* Task objective
In the entries below, begin at the line that has "赵丽颖的电影角色连续两年都是女演员年度第一,而且前三名都是她。" and stop after the line that has "Ed ecco il primo"; output those lines exactly, leaving out pictures.

* Material for this exercise
☆ ☆ ☆ ☆

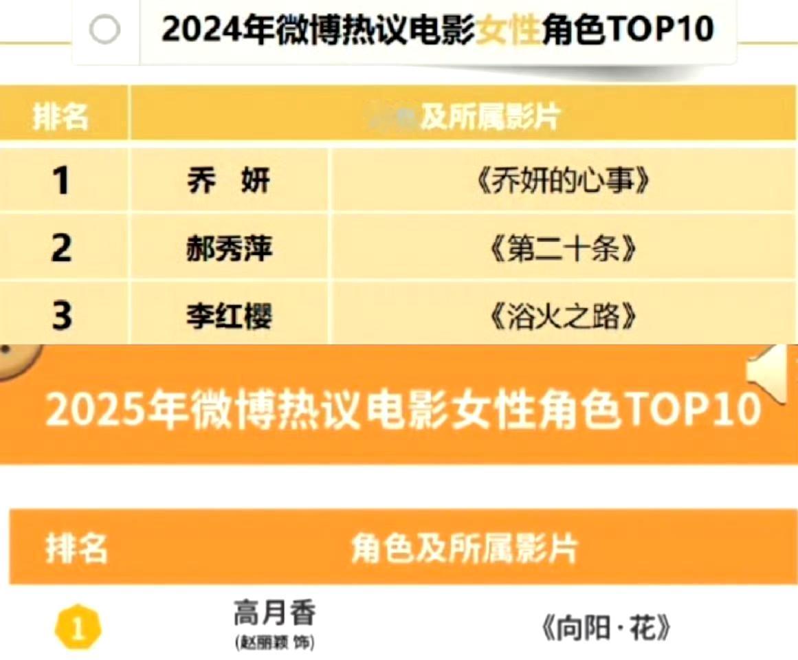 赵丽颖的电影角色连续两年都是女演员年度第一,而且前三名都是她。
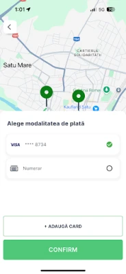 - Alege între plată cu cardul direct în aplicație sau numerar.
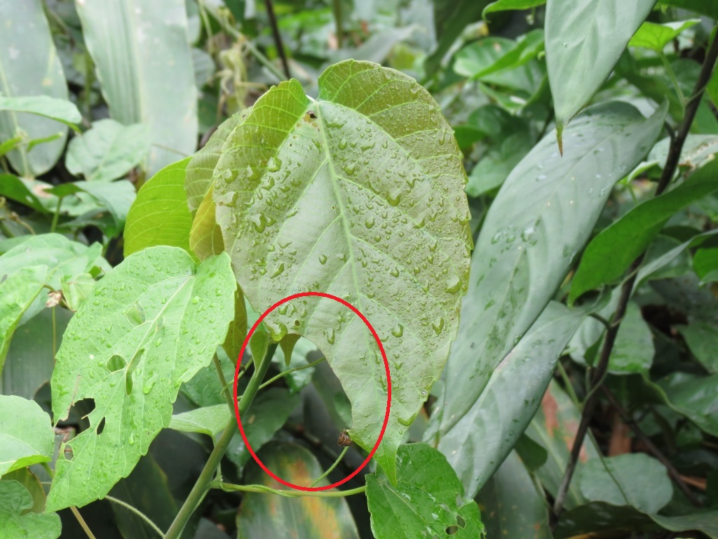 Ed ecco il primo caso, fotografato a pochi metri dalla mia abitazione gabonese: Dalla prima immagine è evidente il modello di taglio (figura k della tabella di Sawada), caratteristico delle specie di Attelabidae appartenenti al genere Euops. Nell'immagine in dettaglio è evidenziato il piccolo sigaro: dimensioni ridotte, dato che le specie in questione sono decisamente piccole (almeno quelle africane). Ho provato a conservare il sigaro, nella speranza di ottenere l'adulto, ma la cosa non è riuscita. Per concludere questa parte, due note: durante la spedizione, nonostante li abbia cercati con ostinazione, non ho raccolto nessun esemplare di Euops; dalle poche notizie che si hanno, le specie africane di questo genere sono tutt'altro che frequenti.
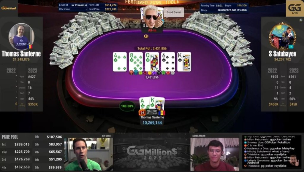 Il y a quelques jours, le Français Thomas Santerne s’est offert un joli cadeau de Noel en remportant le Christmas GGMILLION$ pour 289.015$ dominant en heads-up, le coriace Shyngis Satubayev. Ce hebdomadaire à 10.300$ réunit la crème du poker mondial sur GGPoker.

☆ ☆ ☆ ☆

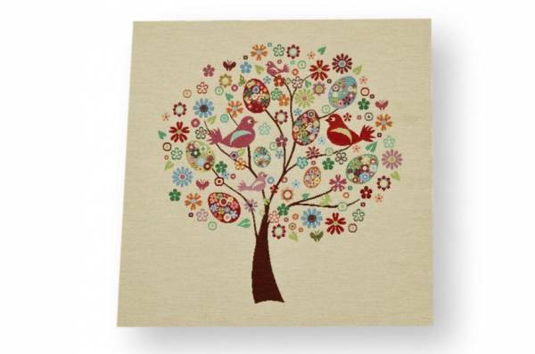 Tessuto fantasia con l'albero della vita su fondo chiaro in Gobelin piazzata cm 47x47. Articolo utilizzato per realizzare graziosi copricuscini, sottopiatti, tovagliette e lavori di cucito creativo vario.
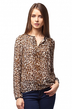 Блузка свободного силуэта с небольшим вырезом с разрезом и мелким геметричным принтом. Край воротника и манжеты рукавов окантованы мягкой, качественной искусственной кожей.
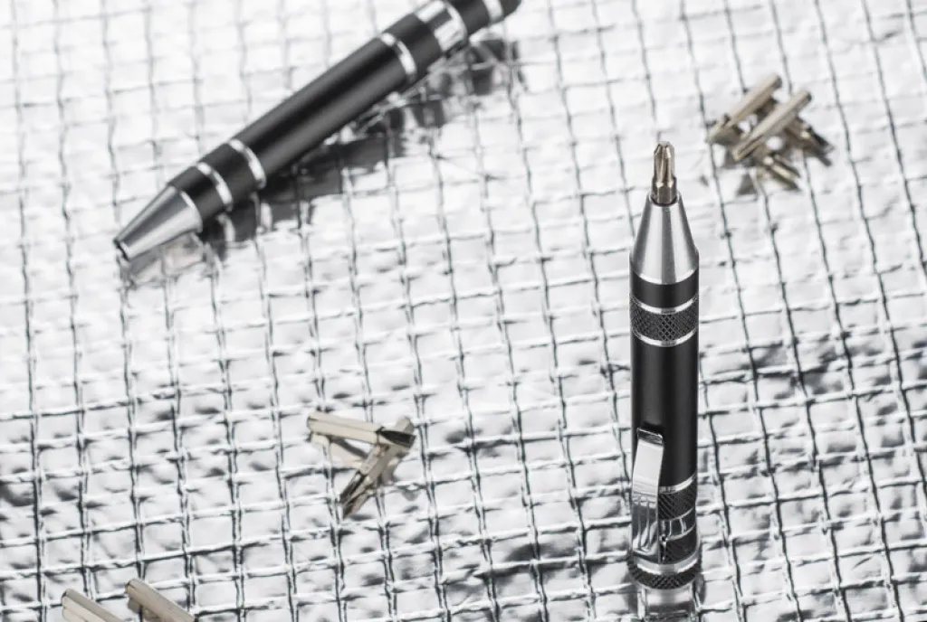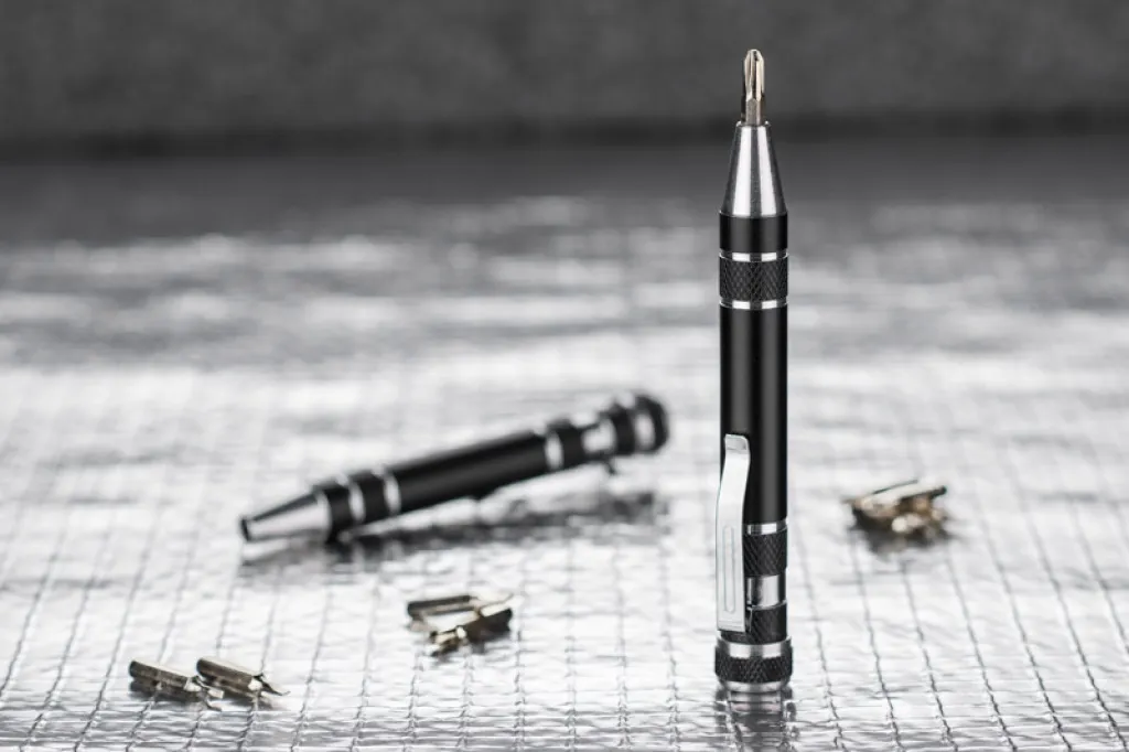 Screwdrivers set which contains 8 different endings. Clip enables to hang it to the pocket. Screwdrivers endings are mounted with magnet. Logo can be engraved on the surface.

☆ ☆ ☆ ☆

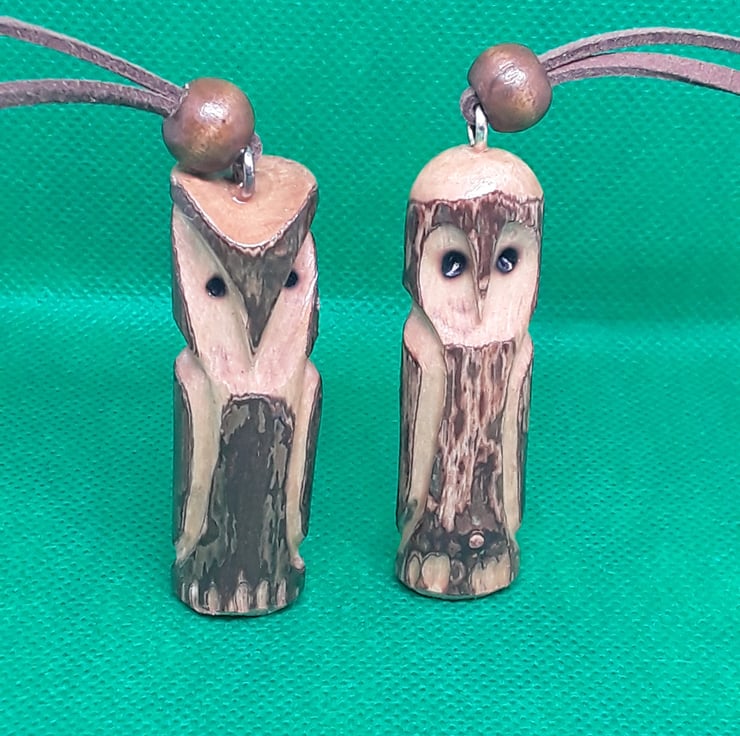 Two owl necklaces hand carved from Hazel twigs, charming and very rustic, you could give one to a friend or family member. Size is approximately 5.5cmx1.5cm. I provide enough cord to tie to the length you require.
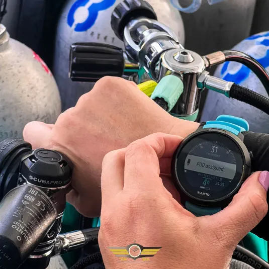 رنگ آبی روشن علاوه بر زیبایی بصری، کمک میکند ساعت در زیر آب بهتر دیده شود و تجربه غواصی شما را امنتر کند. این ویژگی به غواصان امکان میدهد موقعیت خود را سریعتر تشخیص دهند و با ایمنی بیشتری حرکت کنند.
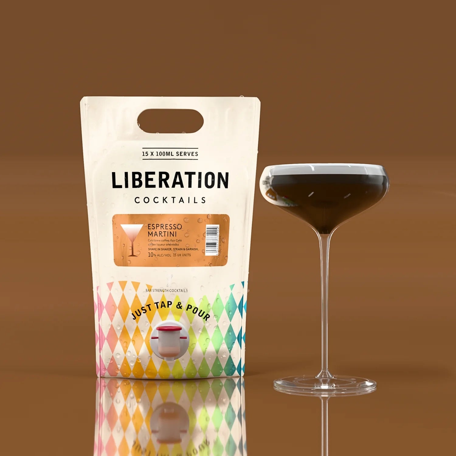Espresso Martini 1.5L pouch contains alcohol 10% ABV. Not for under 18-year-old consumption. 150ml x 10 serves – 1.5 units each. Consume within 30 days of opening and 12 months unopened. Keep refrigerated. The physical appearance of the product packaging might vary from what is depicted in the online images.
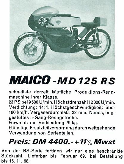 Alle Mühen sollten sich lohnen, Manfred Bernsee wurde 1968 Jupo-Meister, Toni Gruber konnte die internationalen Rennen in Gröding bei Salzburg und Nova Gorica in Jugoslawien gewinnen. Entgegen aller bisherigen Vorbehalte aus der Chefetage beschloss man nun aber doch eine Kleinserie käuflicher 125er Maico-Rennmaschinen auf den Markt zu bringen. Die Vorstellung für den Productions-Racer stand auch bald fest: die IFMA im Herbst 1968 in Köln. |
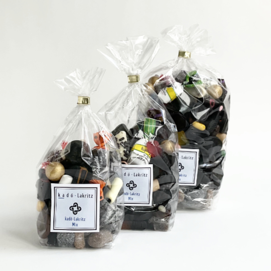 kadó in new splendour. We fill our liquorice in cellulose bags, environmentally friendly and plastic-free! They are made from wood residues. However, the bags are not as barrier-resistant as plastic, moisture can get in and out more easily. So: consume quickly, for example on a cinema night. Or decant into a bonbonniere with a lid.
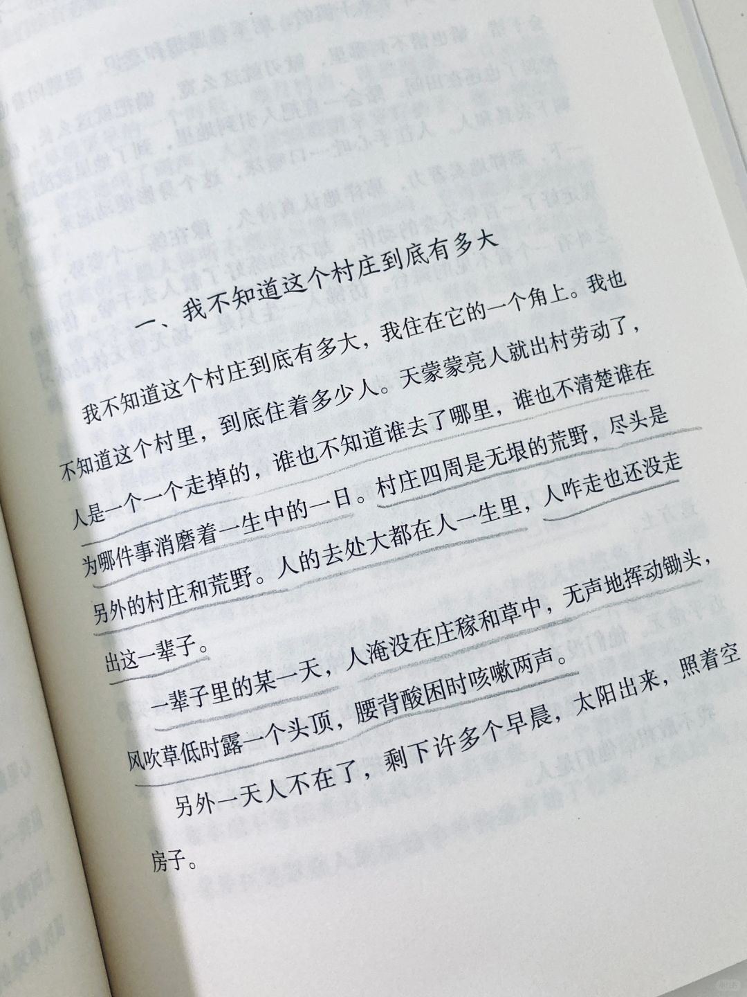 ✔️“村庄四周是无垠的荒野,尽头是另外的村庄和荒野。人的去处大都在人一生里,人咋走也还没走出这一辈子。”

☆ ☆ ☆ ☆

* Exercise solution
 赵丽颖的电影角色连续两年都是女演员年度第一,而且前三名都是她。
 - Alege între plată cu cardul direct în aplicație sau numerar.
 Ed ecco il primo caso, fotografato a pochi metri dalla mia abitazione gabonese: Dalla prima immagine è evidente il modello di taglio (figura k della tabella di Sawada), caratteristico delle specie di Attelabidae appartenenti al genere Euops. Nell'immagine in dettaglio è evidenziato il piccolo sigaro: dimensioni ridotte, dato che le specie in questione sono decisamente piccole (almeno quelle africane). Ho provato a conservare il sigaro, nella speranza di ottenere l'adulto, ma la cosa non è riuscita. Per concludere questa parte, due note: durante la spedizione, nonostante li abbia cercati con ostinazione, non ho raccolto nessun esemplare di Euops; dalle poche notizie che si hanno, le specie africane di questo genere sono tutt'altro che frequenti.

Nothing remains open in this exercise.